* [INPUT RECORDS]
= Beginning of Section =

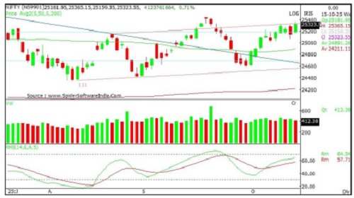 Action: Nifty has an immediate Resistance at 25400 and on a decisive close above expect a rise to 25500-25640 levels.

= End of Section =
= Beginning of Section =

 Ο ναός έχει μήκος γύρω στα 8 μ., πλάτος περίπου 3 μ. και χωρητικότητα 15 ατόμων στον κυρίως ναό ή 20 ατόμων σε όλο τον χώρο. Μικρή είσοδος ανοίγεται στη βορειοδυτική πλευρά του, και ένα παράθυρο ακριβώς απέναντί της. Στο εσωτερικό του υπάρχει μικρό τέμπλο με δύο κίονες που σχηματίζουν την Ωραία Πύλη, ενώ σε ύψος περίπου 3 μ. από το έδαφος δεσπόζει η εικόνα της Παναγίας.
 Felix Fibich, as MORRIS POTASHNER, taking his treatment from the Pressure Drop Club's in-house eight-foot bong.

= End of Section =

* [WORK REQUEST] Print exactly the lines above from the one with "Ο ναός έχει" to the one with "Felix Fibich, as", including both.

* [WRITTEN ANSWER]
 Ο ναός έχει μήκος γύρω στα 8 μ., πλάτος περίπου 3 μ. και χωρητικότητα 15 ατόμων στον κυρίως ναό ή 20 ατόμων σε όλο τον χώρο. Μικρή είσοδος ανοίγεται στη βορειοδυτική πλευρά του, και ένα παράθυρο ακριβώς απέναντί της. Στο εσωτερικό του υπάρχει μικρό τέμπλο με δύο κίονες που σχηματίζουν την Ωραία Πύλη, ενώ σε ύψος περίπου 3 μ. από το έδαφος δεσπόζει η εικόνα της Παναγίας.
 Felix Fibich, as MORRIS POTASHNER, taking his treatment from the Pressure Drop Club's in-house eight-foot bong.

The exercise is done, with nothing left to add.